=== Problem to work on ===
Copy exactly the lines of the data below, beginning with the line with "3、在剪辑界面的功能栏中,找到并点击裁剪的选项,打开裁剪操作面板。" and ending with the line with "一场关于马的幻想。像孩子般任". Pictures are to be omitted.

*** Opening Records for processing ***

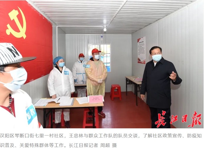长江日报:王忠林调研群众工作队:热情周到服务,保障群众生活安心舒心放心
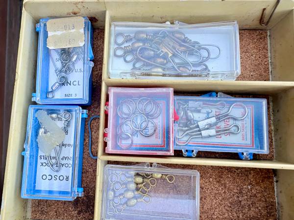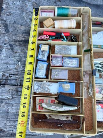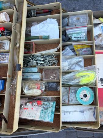 • Organized compartments still labeled and filled with original tackle — exactly how Gus left it
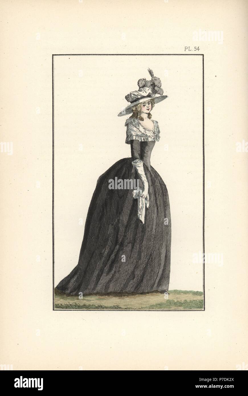 Mujer De Luto Vestido De Tafetan Negro Fichu De Gasa Blanco Italiano Y Capot Hat En
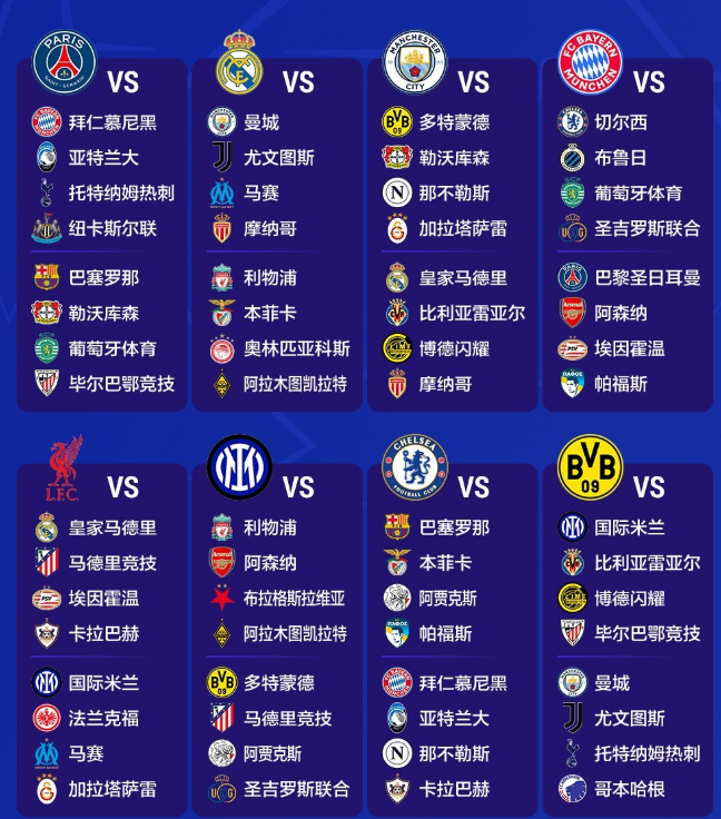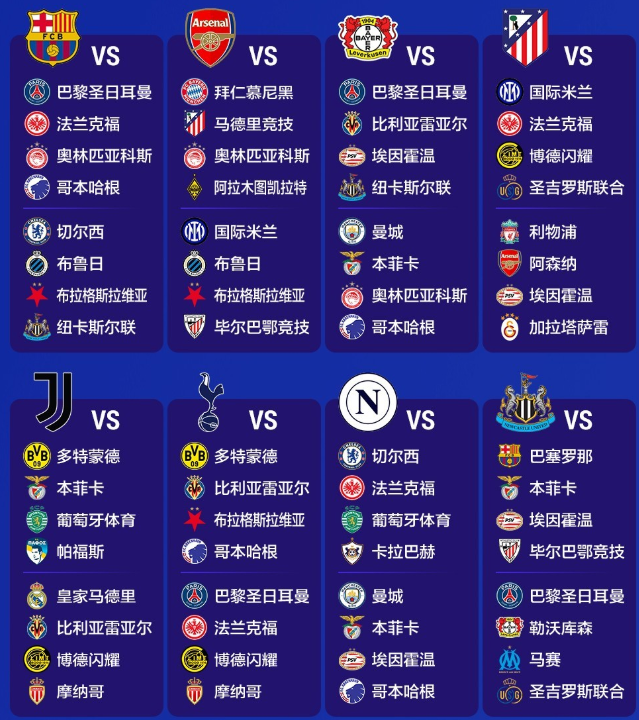 除此之外,拜仁还抽到了阿森纳和切尔西这2支老对手;此前拜仁就已经和枪手有过高达14次交手的纪录。切尔西则是在2012年欧冠决赛击败拜仁,获得队史首座欧冠冠军。而签运最差的当属卫冕冠军大巴黎;这家法甲豪门的对手包括巴萨、拜仁、亚特兰大、纽卡、热刺、勒沃库森、毕尔巴鄂竞技和葡萄牙体育,几乎没有一个善茬。
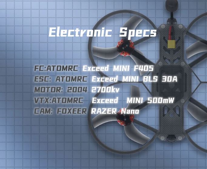 Il DRONE pesa 198 GRAMMI, monta ELICHE DA 3.5″ a tripla pala, MOTORI 2700KV e componentistica di buon livello realizzata da ATOMRC, per quanto riguarda la CAM FPV troviamo una RAZER NANO della FOXEER. La caratteristica che salta subito all’occhio però è la GABBIA IN POLICARBONATO che protegge motori ed eliche, riuscire a danneggiare questo quadricottero è davvero difficile, anche per i più inesperti! Non manca ovviamente tutto lo spazio necessario per montare una CAM AGGIUNTIVA, come GOPRO o INSTA360 (da acquistare separatamente).
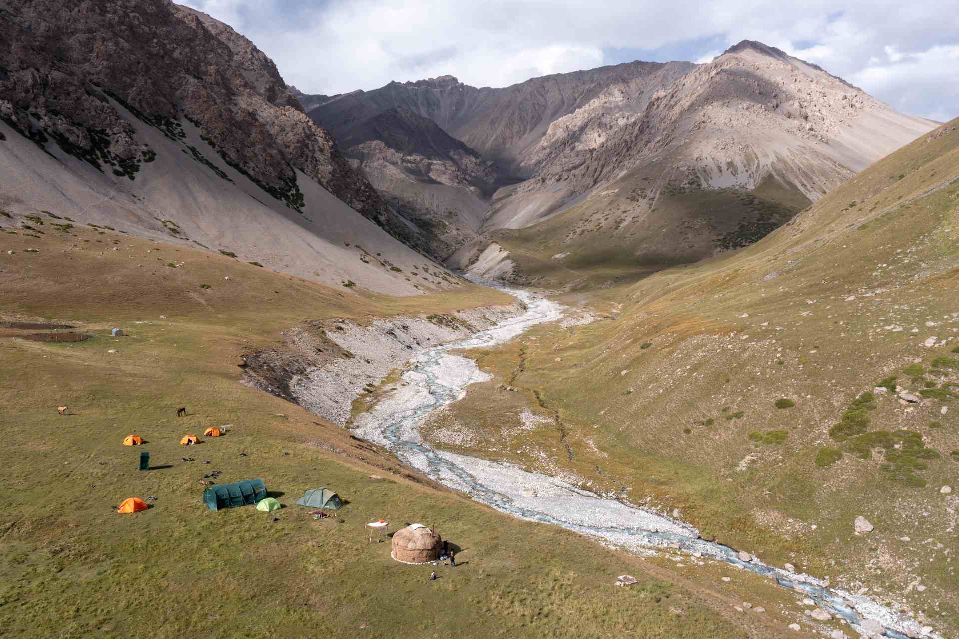 Today, we will spend the entire day trekking through the stunning and wild landscape of the Sary-Mogol Valley. The trail leads through a deep gorge with a breathtaking waterfall. We will set up our camp near a nomadic yurt at an altitude of 3,330 meters above sea level.
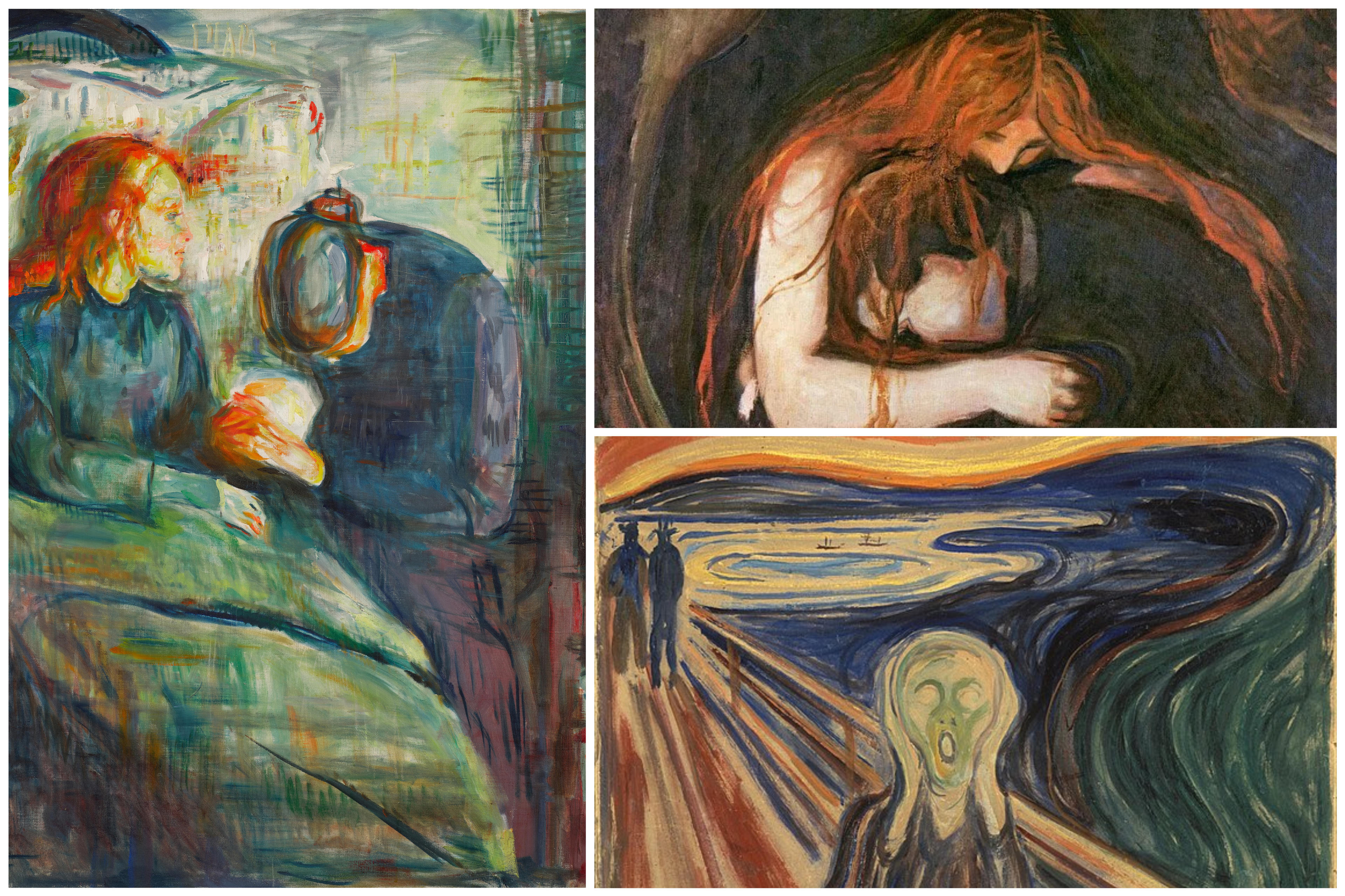 Qua các hình ảnh, gam màu ở trong tranh hoàn toàn có thể thấy được nội tâm của người vẽ. Giống những bức tranh của Edvard Munch, như The Scream (Tiếng thét), Vampire (Ma cà rồng), The Silk Child (Đứa trẻ ốm),… đều là ám ảnh về cái chết, nỗi sợ hãi đã theo ông từ bé, khi mẹ ông và em gái mất sớm, còn ông thì thường xuyên chịu áp lực từ người bố sĩ quan quân đội. Gam màu những bức tranh của ông thường u tối, các nhân vật trung tâm gắn với cái chết và hình ảnh máu me đáng sợ.
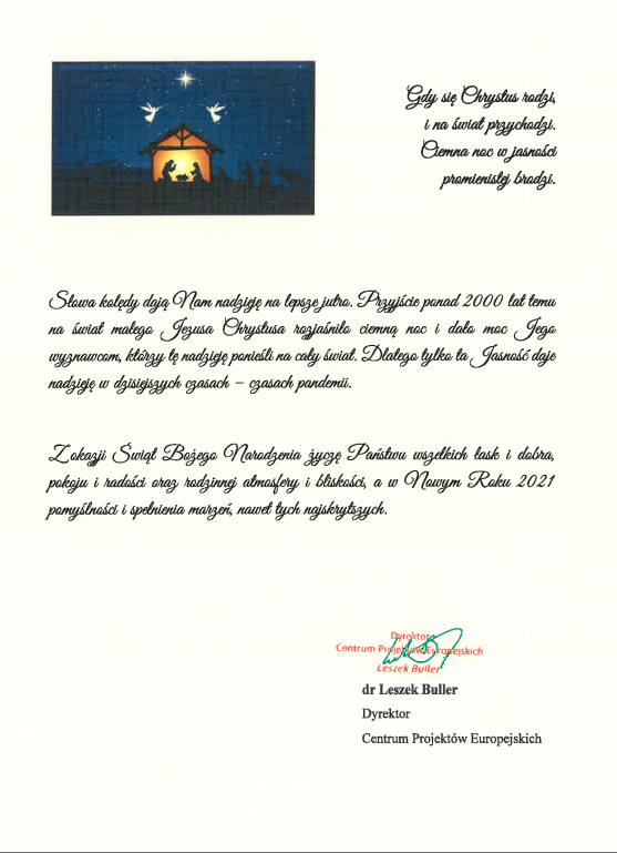 Życzenia z okazji nadchodzących Świąt
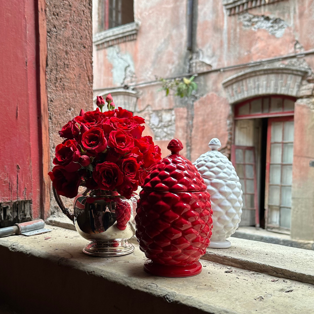 Copa de Agua Bicolor Calice Rojo y Base Transparente 1 Pieza
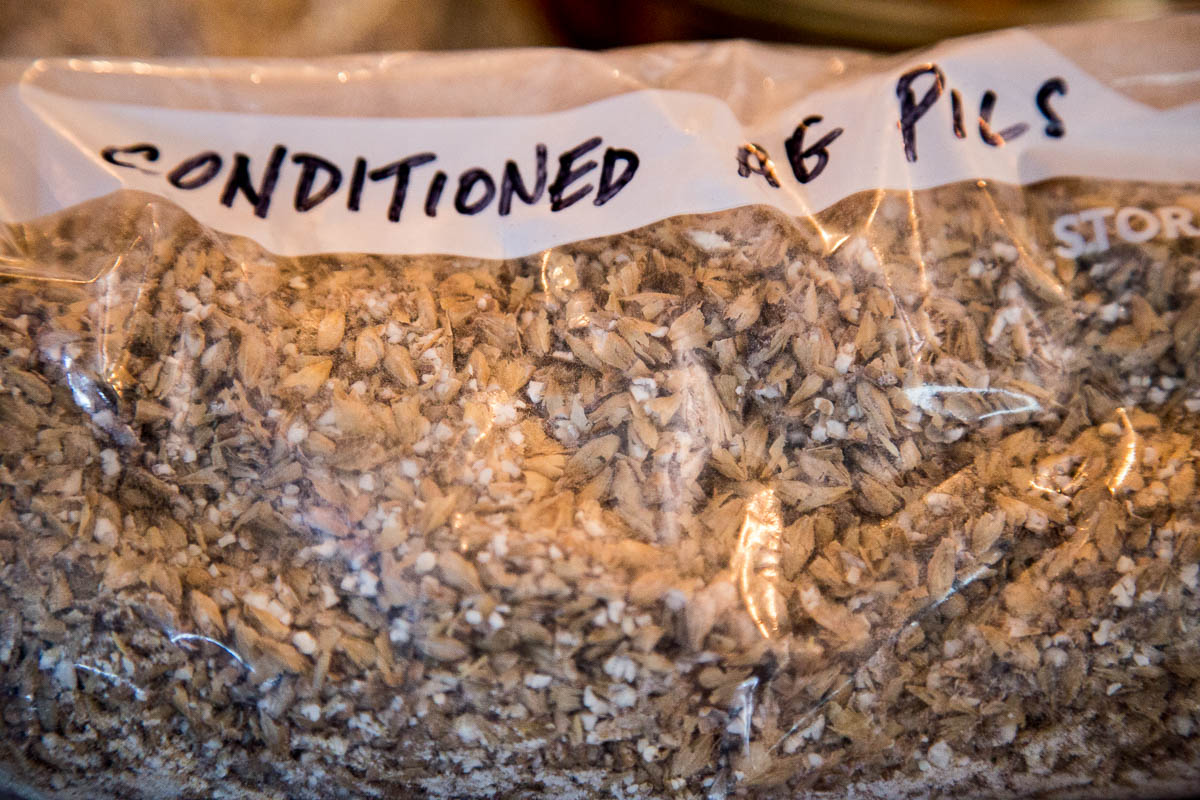 The wet or conditioned malt had entire and intact malt husks where the dry malt had somewhat intact husks, but there were more torn and shattered bits. By eye, it appeared that the dry malt had created more dusty flour, and everything in the bag seemed slightly coated. The conditioned malt showed less flour, or at least, if the flour stuck to something, it hydrated. Otherwise, natural separation in the zip lock bags showed both had a few tablespoons of flour and an otherwise "coarse" mealy appearance.
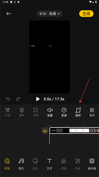 3、在剪辑界面的功能栏中,找到并点击裁剪的选项,打开裁剪操作面板。
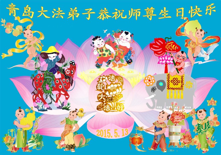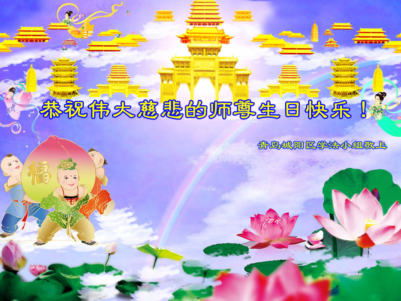 山東省青島大法弟子敬祝師尊生日快樂!恭祝法輪大法洪傳二十三週年!
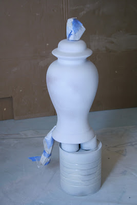 You can see that before I started priming, I covered the cord and the light fixture parts with painter's tape. I also used an old can as well as some lids from spray primer cans to prop up the lamp off the floor so I could get to all its surfaces that would need paint. I actually use spray paint lids a lot to prop up items, like chairs and accessories, off the floor for painting. For heavier items, I use painter's pyramids, because the lids bow and crack under too much weight.
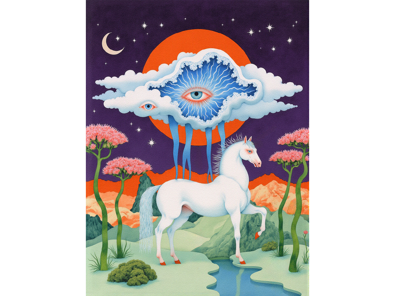 一场关于马的幻想。像孩子般任性涂抹,又像梦境的编织者,把天马行空的幻想定格为荒诞且超现实的画面。
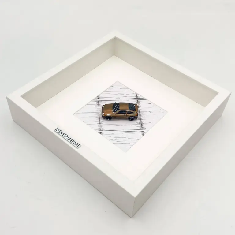 Gerade im 1:64‑Bereich haben sich Custom-Modelle zu einer eigenen Szene entwickelt. Viele Modelle lassen sich mit Dioramen kombinieren – hier steht jedoch die Rahmung im Vordergrund: Der CRX kommt als dekoratives Kunstobjekt, das die vertraute, kompakte Silhouette und die klar erkennbare Dachlinie betont. Selbst als Miniatur wirkt der Wagen wie ein kleines Leichtbau-Geschoss – nur eben als Wand- oder Tischkunst statt als losgelassenes Spiel- oder Diorama-Modell.
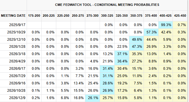 据芝商所(CME)“美联储观察”工具最新数据显示,市场普遍预期美联储将在 9 月议息会议上启动降息。当前,美联储维持利率不变的概率仅为 0.7%,而 降息 25 个基点的概率高达 99.3%。
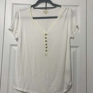 Designed in v-neck short sleeve regular fit top in POL's jersey w/ overlock stitching point

*** Closing Records for processing ***

=== Exercise solution ===
 3、在剪辑界面的功能栏中,找到并点击裁剪的选项,打开裁剪操作面板。
 山東省青島大法弟子敬祝師尊生日快樂!恭祝法輪大法洪傳二十三週年!
 You can see that before I started priming, I covered the cord and the light fixture parts with painter's tape. I also used an old can as well as some lids from spray primer cans to prop up the lamp off the floor so I could get to all its surfaces that would need paint. I actually use spray paint lids a lot to prop up items, like chairs and accessories, off the floor for painting. For heavier items, I use painter's pyramids, because the lids bow and crack under too much weight.
 一场关于马的幻想。像孩子般任性涂抹,又像梦境的编织者,把天马行空的幻想定格为荒诞且超现实的画面。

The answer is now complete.